Slack Japan ビジネスグロース・マネージャー 生垣侑依氏
Slack Japan ビジネスグロース・マネージャー 生垣侑依氏

 現場の利便性向上を目的にボトムアップ型で普及してきたSlackだが、生垣氏は「企業戦略を加速するためには、『ビジネスゴールの定義』『協力部門との合意』『戦略策定』『ユースケース策定』『効果測定』の5ステップを定義し、ビジネスゴールを達成させる」取り組みが欠かせないと語る。

 このアプローチを実践したのが、NECネッツエスアイとメルカリだという。9月17日に開かれたイベント「Frontiers Tour Tokyo」で「企業戦略を加速するSlackの活用事例」と題したセッションでメルカリとNECネッツエスアイが登壇して、実際のところを語った。

NECネッツエスアイ 代表取締役執行役員社長 牛島祐之氏
NECネッツエスアイ 代表取締役執行役員社長 牛島祐之氏

 働き方改革の文脈で2007年からオフィス改革に取り組んできたNECネッツエスアイは、2017年にテレワーク制度を導入し、2018年からはオンライン会議サービス「Zoom」を使って社内外を通じた共創ワークに取り組んでいる。昨今のIT系企業はグローバルの厳しい競争にさらされているが、競争に打ち勝つために同社代表取締役執行役員社長 牛島祐之氏は「イノベーションを日常化させるため、企業の仕組みと社員の労働環境の両軸を回さなければならない」と2つのアプローチを提唱した。

 2018年4月にスタートした事業創造実験プロジェクトは、「新しいアイデアを結集して事業を創造」「圧倒的なスピードで意思決定」を実現するためにSlackとZoomを採用。「スマートフォンによる情報共有や承認プロセスを場所に捕らわれず実行できる。新アイデアや人材の発掘に成功した」(牛島氏)と振り返った。それまで約300ライセンスで運用していたSlackを2019年8月に約5000ライセンスに拡大。全社員導入を決定した。

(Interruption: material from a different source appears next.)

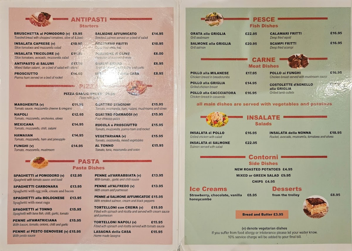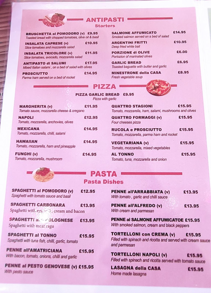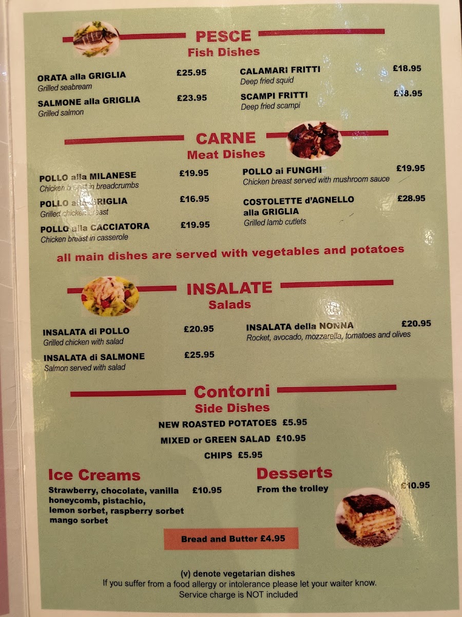 Start your culinary journey with their array of pasta dishes, including the classic Spaghetti al Pomodoro (£11.95) or the rich and creamy Spaghetti Carbonara (£12.95). For meat lovers, tantalizing offerings like Pollo alla Milanese (£15.95) and Costolette d' Angelo al Griglia (£22.95) will surely impress.

 牛島氏は「メールではできないことが、Slackならできる」と効果を強調する。リアルタイムの応答やスマートフォンで完結できる業務、自由に飛び交うアイデアを通じて新規事業や人材発掘につながるため、現在同社は社長が率先して運営する「#ushijimaチャンネル」を運用している。

 自由闊達を社員に推奨した背景から、自身が挑んだ富士山登頂をZoomのリアルタイム配信でSlackに投稿したところ、役員から担当までさまざまなコメントがチャンネルに寄せられ、「社内コミュニケーションが劇的に変化した」(牛島氏)とコメントした。